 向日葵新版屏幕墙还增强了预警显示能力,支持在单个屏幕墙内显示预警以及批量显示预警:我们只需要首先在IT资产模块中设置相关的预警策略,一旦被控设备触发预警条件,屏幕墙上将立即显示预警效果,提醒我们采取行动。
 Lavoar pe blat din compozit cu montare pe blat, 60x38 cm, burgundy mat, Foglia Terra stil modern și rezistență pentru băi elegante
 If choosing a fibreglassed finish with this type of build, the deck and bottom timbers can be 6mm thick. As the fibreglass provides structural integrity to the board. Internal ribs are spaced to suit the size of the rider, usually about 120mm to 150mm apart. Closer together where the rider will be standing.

::::::

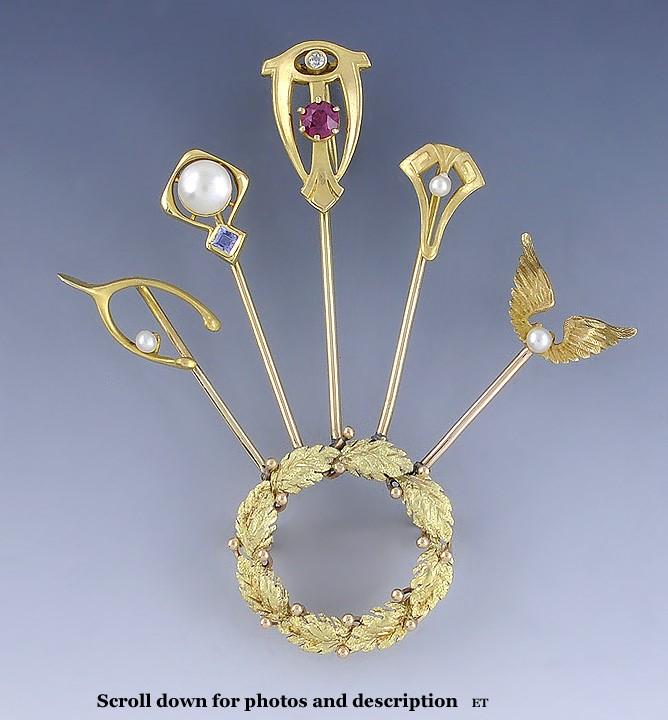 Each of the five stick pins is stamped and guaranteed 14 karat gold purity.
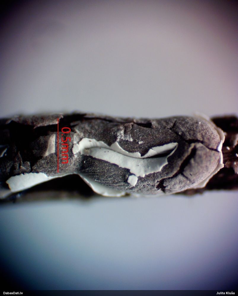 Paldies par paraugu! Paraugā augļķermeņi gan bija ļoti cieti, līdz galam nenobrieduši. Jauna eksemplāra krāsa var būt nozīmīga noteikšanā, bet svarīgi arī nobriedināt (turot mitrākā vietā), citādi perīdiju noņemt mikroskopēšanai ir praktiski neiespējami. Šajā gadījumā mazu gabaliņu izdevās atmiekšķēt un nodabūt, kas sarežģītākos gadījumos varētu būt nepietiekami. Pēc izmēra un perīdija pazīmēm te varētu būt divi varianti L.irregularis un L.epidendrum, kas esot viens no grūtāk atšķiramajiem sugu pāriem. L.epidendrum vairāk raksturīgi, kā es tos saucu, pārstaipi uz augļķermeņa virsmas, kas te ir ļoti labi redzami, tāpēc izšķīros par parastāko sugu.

::::::

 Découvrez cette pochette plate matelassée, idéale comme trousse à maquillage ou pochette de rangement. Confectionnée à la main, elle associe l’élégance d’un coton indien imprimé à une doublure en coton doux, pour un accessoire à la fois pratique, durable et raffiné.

::::::

Exercise directions – Could you transcribe the entries above word for word, from the line with "Lavoar pe blat" down to the line with "If choosing a", keeping both?

Answer box –
 Lavoar pe blat din compozit cu montare pe blat, 60x38 cm, burgundy mat, Foglia Terra stil modern și rezistență pentru băi elegante
 If choosing a fibreglassed finish with this type of build, the deck and bottom timbers can be 6mm thick. As the fibreglass provides structural integrity to the board. Internal ribs are spaced to suit the size of the rider, usually about 120mm to 150mm apart. Closer together where the rider will be standing.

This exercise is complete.